That question was understandably top of mind in Hilo, where I spent much of Thursday and Friday covering a gubernatorial candidate forum and speaking at a Big Island Press Club panel.
The question of Kilauea was the first thing I heard when I took my seat on Hawaiian Airlines as I flew to Hilo. The passenger sitting next to me said it was “crazy” for anyone to buy land anywhere below Keaau, and he had little sympathy for folks who took advantage of all the cheap land. (Those “crazy” folks include members of my own family.)
Congresswoman Tulsi Gabbard gets an aerial view of the lava flow.
U.S. Rep.Tulsi Gabbard
The question of Kilauea was also the last thing I heard as I caught my flight back to Honolulu. I sat in the row behind U.S. Sen. Brian Schatz and his top aides, Andy Winer and Malia Oshima Paul, who talked with me about their trip to the area. Schatz showed me a cellphone photo of a big audience attending a community meeting where residents received the latest updates from government officials.
Schatz and U.S. Rep. Tulsi Gabbard were on island to learn the latest on the lava flow’s progress. With Mayor Billy Kenoi, the congressional delegates were able to persuade federal officials to rebuild lava-covered portions of Chain of Craters Road as a two-lane route out of lower Puna in anticipation of Kilauea cutting off access to major roadways.
According to Gabbard’s office, she joined county officials on a helicopter tour of the region while Schatz met with National Park Service Superintendent Cindy Orlando and saw the bulldozer work being done to clear the access road.
Sen.

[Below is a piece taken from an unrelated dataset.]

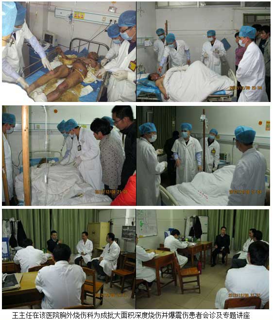 2012年12月8日早上,廣西貴港市平南縣人民醫(yī)院急診收治一批因大型氣罐爆炸致大面積深度燒沖復合傷(燒傷并爆震傷)患者,當日上午該醫(yī)院主管副院長兼胸外燒傷科主任臧德源緊急邀請王主任到該醫(yī)院為成批大面積深度燒傷合并爆震傷患者會診。該醫(yī)院創(chuàng)建于1935年,是一所集醫(yī)療、科研、教學、預防、保健、康復和社區(qū)衛(wèi)生服務于一體的綜合性縣(市)級醫(yī)院,是平南縣醫(yī)療業(yè)務技術指導中心,擔負著全縣130多萬人民的醫(yī)療保健任務。醫(yī)院設床位390張,年門急診量近36萬人次,住院病人1.6萬人次.現(xiàn)有職工624人,有碩士研究生4人,高級職稱14人,中級職稱221人。
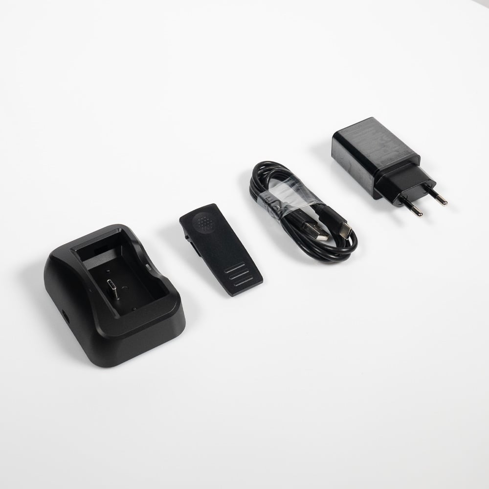 Нагрудний відеореєстратор з вбудованим WiFi, GPS, екраном, Type-C інтерфейсом. Якість запису відео: 2560x1600/30fps, 2304x1296P/30fps, 1920x1080/30fps, 1440x1080/30fps, 1280x720/30fps. Роздільна здатність фото: до 32 Мп. Кут огляду: 130°. ІЧ-підсвічування до 12 м. Запис на вбудовану пам'ять 128 ГБ. РК-екран 2". Вбудований мікрофон. Роз'єм: USB Type-C. Ємність батареї: 3600mAh. Час роботи: до 12 годин. Ступінь захисту IP68. Габаритні розміри: 83 / 56 / 30 мм. Вага: 144 г. У комплекті блок живлення, кабель USB Type-C, док-станція, металева кліпса для кріплення

Schatz at a Pahoa lava flow community update meeting. Mayor Kenoi is at far left.
U.S. Rep. Tulsi Gabbard
Gabbard and Schatz also managed to squeeze in a unity breakfast at the Hilo Hawaiian hotel with Big Island Democrats. U.S. Sen. Mazie Hirono was there, but U.S. Rep Colleen Hanabusa was not.
While in Hilo I heard lots of praise for Kenoi’s proactive response to the volcanic activity. (On Sunday, Kenoi became the first Big Island mayor to compete in the Ironman Triathlon in Kailua-Kona.) I heard lots of props as well for Civil Defense chief Darryl Oliveira.
So, when will the lava hit Pahoa? The latest prediction is sometime within the next two weeks. But longtime residents told me Kilauea could also suddenly stop. Or it could shift direction and spare Highway 130.
The lava could also go all the way to the ocean, as it did when it destroyed Kalapana in 1990. It took seven years for that to happen. That explains in part why many Pahoa residents surveyed by officials say they are reluctant to evacuate their homes just yet.
The lava’s progress is top of mind for people in Pahoa.